For nearly three years we had a regular conversation. It went something like this:
“Dance with me please”
“I don’t dance”
“Just once please”
“No Shinners, just leave it”
Okay. So he didn’t dance. I also never heard him sing, not even happy birthday, in three years. But anyway, about dancing.
So he never danced. I love to dance, I dance burlesque and I love it. I used to dance salsa, and I loved that, I wanted him to join me and be my partner. Three valentines days went past and I was hoping that he would take me dancing. Nadda.
We went to a nightclub with my friends once, myself and two of my friends (one guy and one girl) and he stood in the corner and didn’t move.
He went out twice this weekend, both nights he danced. He danced to the music he hates, and that I enjoy. He danced, he sweated and he moved. He also pulled twice.
Was it that I was just not the girl to make an effort for?

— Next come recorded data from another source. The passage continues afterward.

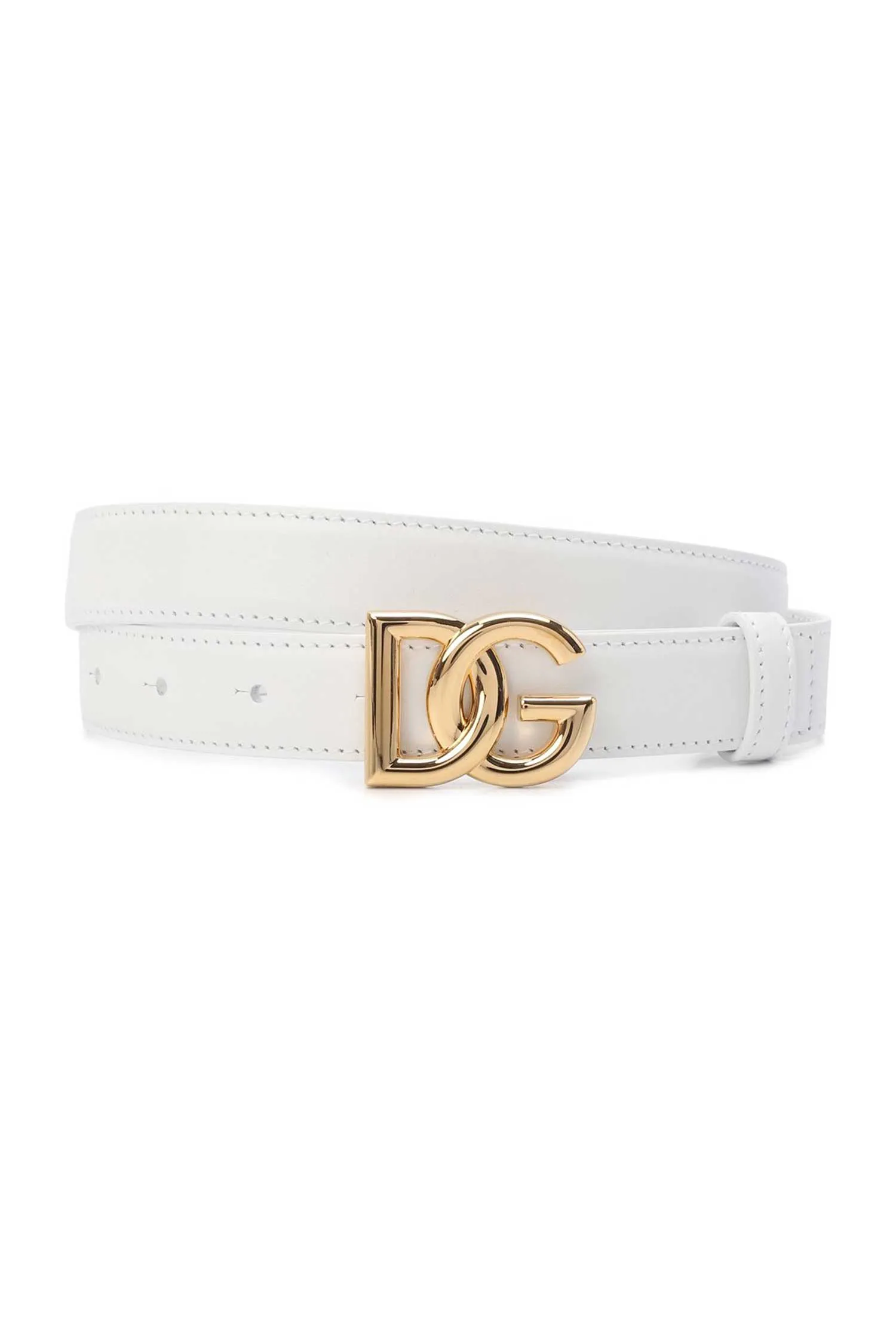 DOLCE&GABBANA РЕМЕНЬ M.1447 БЕЛЫЙ, МАТОВАЯ КОЖА, ЗОЛОТИСТАЯ ПРЯЖКА-ЛОГО DG, Ш=2,5
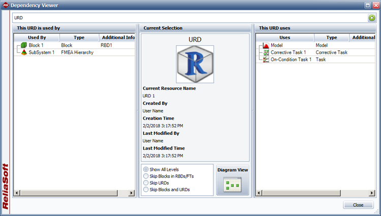 In the Current Selection area, you can choose what is shown in the This [resource] is used by area. You have the option to skip the URD and/or the block that the resource is used by. For example, the image below shows the connections among analyses and resources that we have been discussing. If you have selected to show all levels, you can trace from Reliability Model to URD 1 to Block 1 to RBD 1. But if you have selected Skip Blocks and RBDs, it just shows that Reliability Model is used by RBD 1.
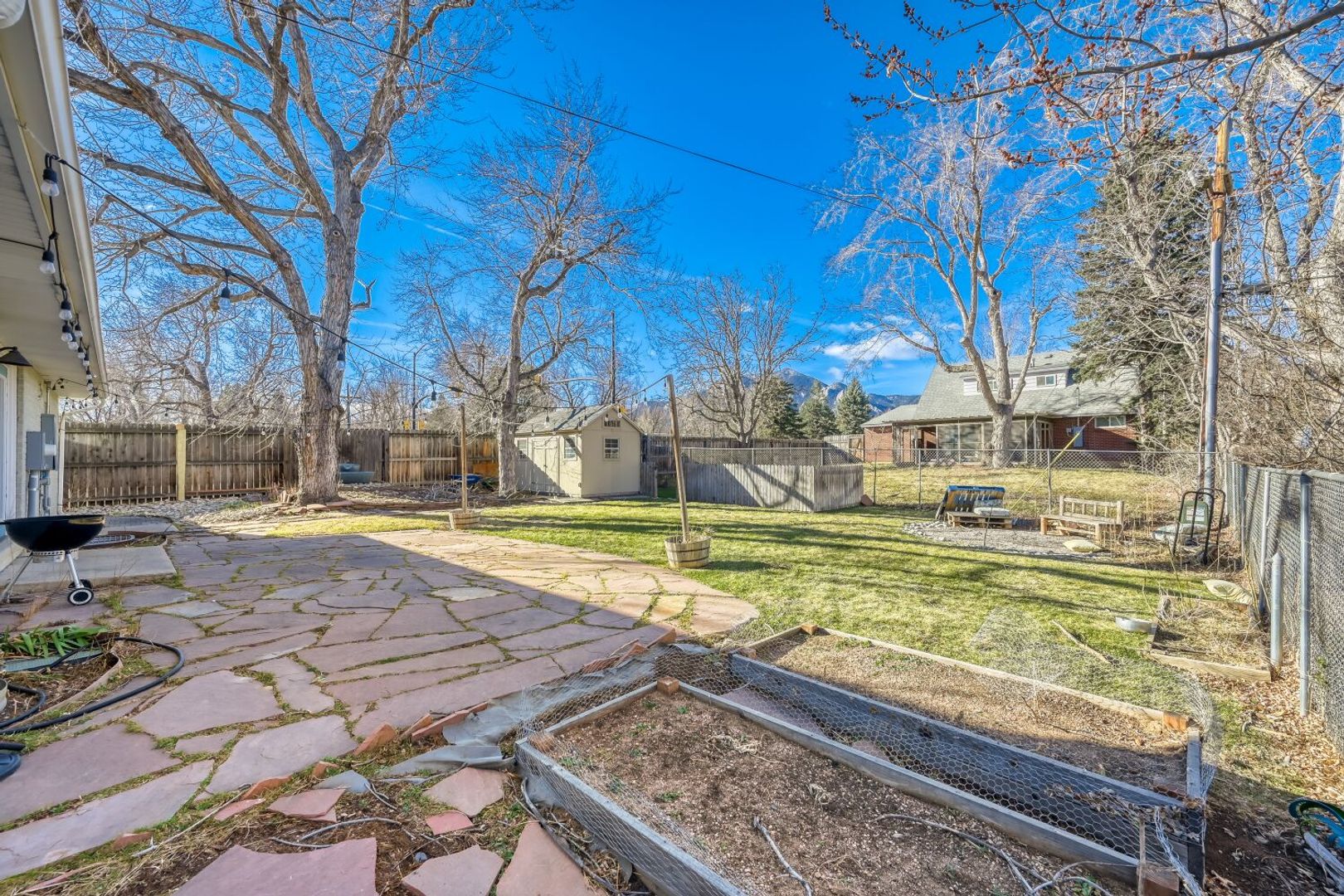 Enjoy a flagstone patio and water feature, two raised garden beds with fresh topsoil, a raised flower bed, and a newly built shed with power—perfect as a workshop. Adjacent fenced dog run features artificial turf for easy maintenance.
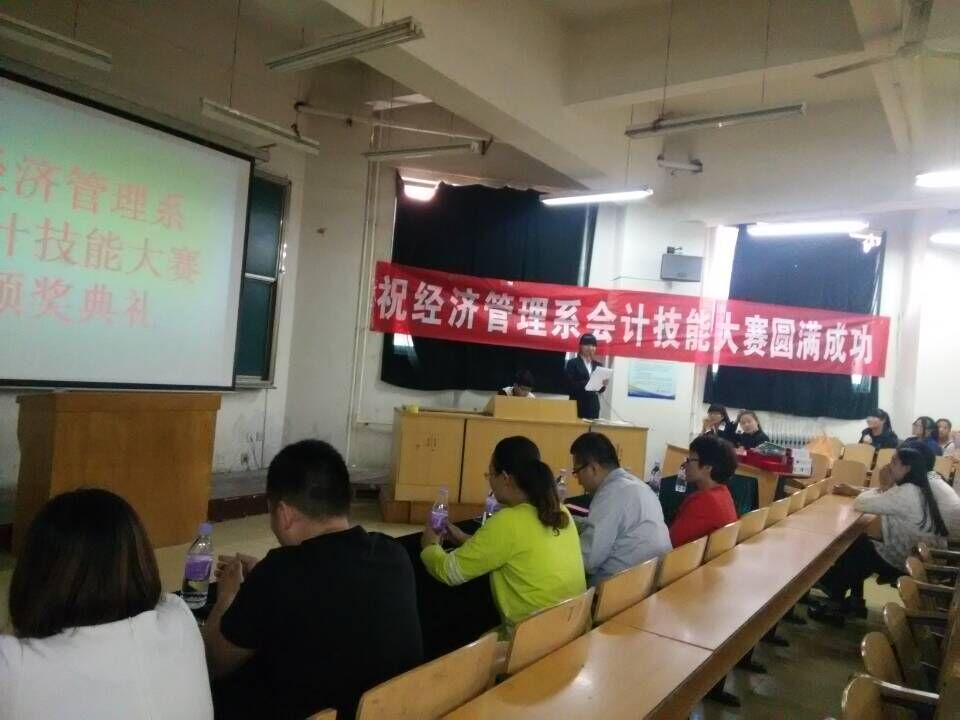 2015年4月28日下午16点30分,我系在6#楼101多媒体教室召开“会计技能大赛”表彰大会,经济管理系副主任孔建华,学管主任助理范世伟以及会计协会同学参加了本次大会。
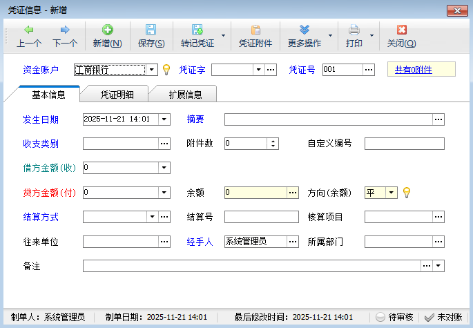 ????在新增或修改憑證時,系統(tǒng)支持“轉(zhuǎn)記憑證”功能,用于處理存款、取款、轉(zhuǎn)帳等涉及多個帳戶的憑證錄入,方便用戶操作,減少重復錄入。
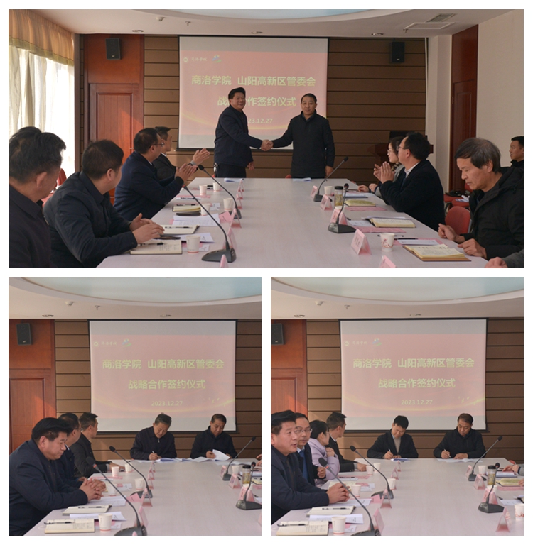 为深入推进校地、校企合作,服务地方经济社会高质量发展,12月27日,英国365上市公司与山阳高新技术产业开发区管理委员会举办战略合作签约仪式。校长范新会会见了山阳高新技术产业开发区管委会党工委书记李杨俊一行,并围绕人才培养和校企合作座谈交流。副校长王新军出席签约仪式。
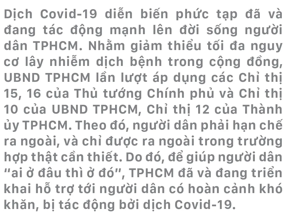 | Ngày 15-8, Thành trực Thành ủy TPHCM yêu cầu các quận, huyện và TP Thủ Đức khẩn trương rà soát các trường hợp khó khăn để nhận gói hỗ trợ an sinh xã hội trong tháng 8 và 9-2021.
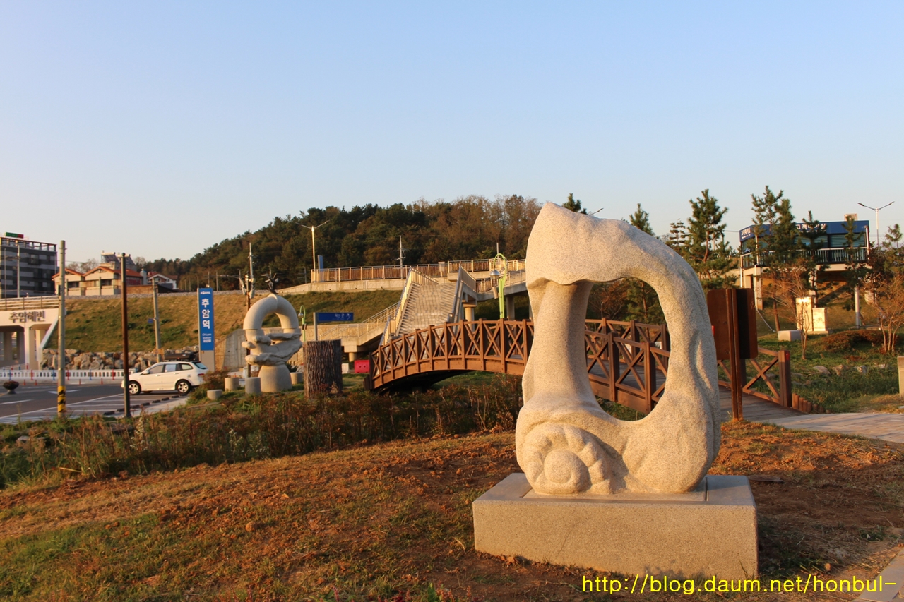 잠깐 바위를 오르내리다 보니 바닷바람과 추위를 감안해 입은 덧옷을 차에 두고, 먼저 추암 조각공원부터 찾는다.
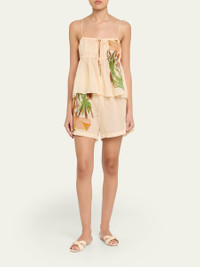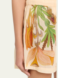 Crafted from airy cotton, Ulla Johnson's "Bijou" coverup shorts are printed with the surreal botanical work of Art Brut painter, Anna Zemankova Highrise drawstring waistband Relaxed legs Pullon style Cotton Made in Portugal
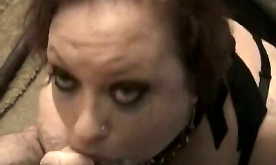 Ugly pale nerd in glasses Amy kneels down to suck a juicy cock for gooey spunk
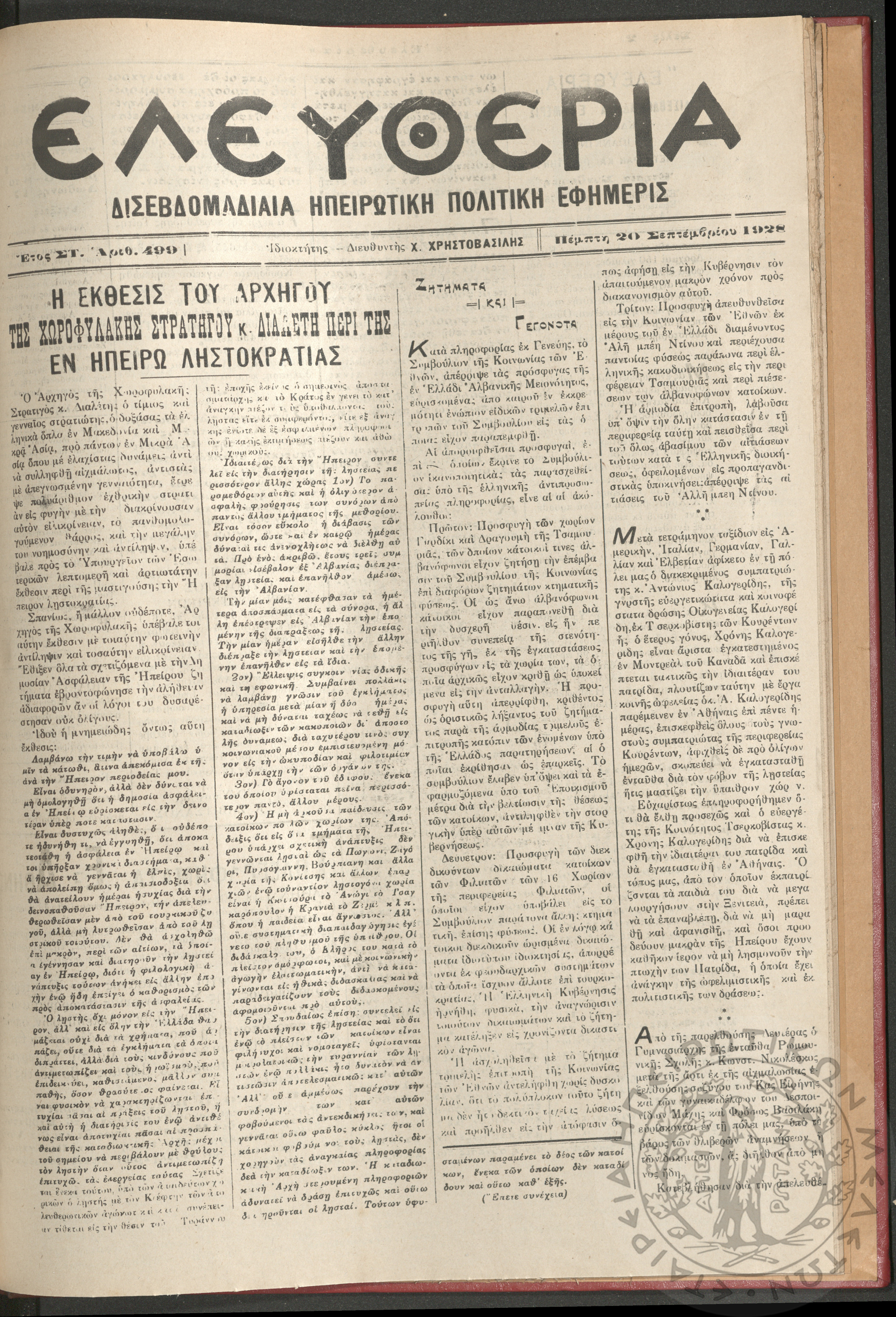 Ελευθερία: δισεβδομαδιαία Ηπειρωτική πολιτική εφημερίς, 1928, φ. 499
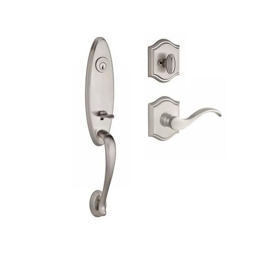Baldwin Reserve SCCHEXCURLTAR150THK Single Cylinder Chesapeake Handleset Left Hand Curve Lever and Traditional Arch Rose with 6AL Latch and Dual Strike for Thick Door Satin Nickel Finish
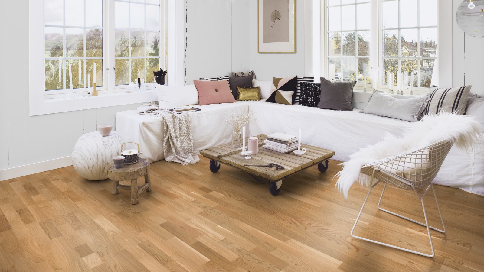 Трёхполосная паркетная доска дуб Finale,без фаски, покрытие масло Live Natural

I just keep on thinking that everything that he has done since we broke up is him being him. I don’t like some of it, but I like other bits. I just think he didn’t want to do it with me. If it was his ex, I think he would have done everything for her. But I was never her. I was never going to be her. And he still wants her. He still messages her when he is drunk. When will he realise what he had (me) and what he is chasing? He is chasing a lie.
I always thought he would hear this song, and be filled with regret. Maybe he won’t. We were never sunshine and daisies and we are better off without each other (well I will be one day) but maybe we should never have been together.